• **SOURCE DATA**
_ _ _ _ _
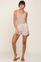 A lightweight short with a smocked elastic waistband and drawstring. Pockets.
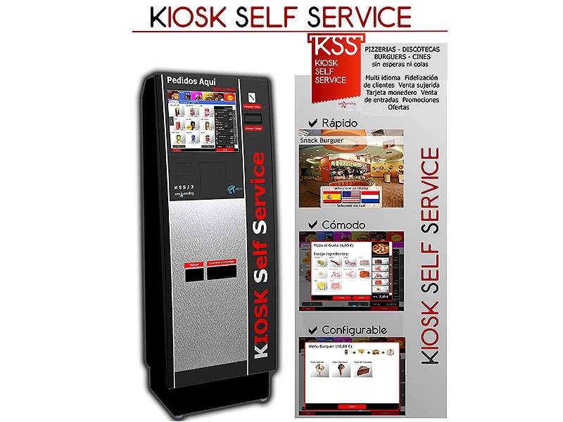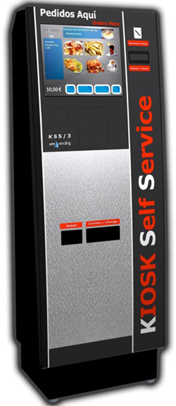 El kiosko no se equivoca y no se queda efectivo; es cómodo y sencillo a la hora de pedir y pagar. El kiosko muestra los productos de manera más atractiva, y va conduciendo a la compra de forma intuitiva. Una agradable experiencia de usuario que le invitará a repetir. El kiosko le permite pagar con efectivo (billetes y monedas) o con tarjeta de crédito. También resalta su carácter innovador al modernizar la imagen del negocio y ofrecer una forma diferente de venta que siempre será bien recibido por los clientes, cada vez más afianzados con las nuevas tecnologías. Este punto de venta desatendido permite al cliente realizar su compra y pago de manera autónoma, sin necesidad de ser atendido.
_ _ _ _ _
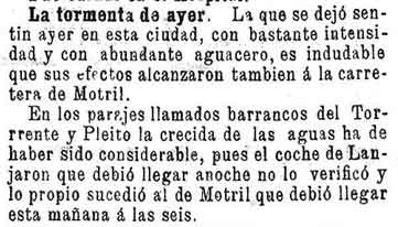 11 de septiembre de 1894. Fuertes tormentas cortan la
_ _ _ _ _
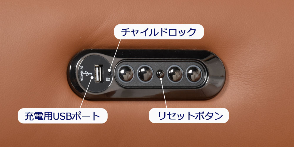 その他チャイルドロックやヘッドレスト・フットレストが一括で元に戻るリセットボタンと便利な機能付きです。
_ _ _ _ _
• **TASK**
Starting with the line that contains "A lightweight short" and finishing with the line that contains "El kiosko no", reproduce every line of the material above exactly, but not the pictures.

• **TASK ANSWER**
 A lightweight short with a smocked elastic waistband and drawstring. Pockets.
 El kiosko no se equivoca y no se queda efectivo; es cómodo y sencillo a la hora de pedir y pagar. El kiosko muestra los productos de manera más atractiva, y va conduciendo a la compra de forma intuitiva. Una agradable experiencia de usuario que le invitará a repetir. El kiosko le permite pagar con efectivo (billetes y monedas) o con tarjeta de crédito. También resalta su carácter innovador al modernizar la imagen del negocio y ofrecer una forma diferente de venta que siempre será bien recibido por los clientes, cada vez más afianzados con las nuevas tecnologías. Este punto de venta desatendido permite al cliente realizar su compra y pago de manera autónoma, sin necesidad de ser atendido.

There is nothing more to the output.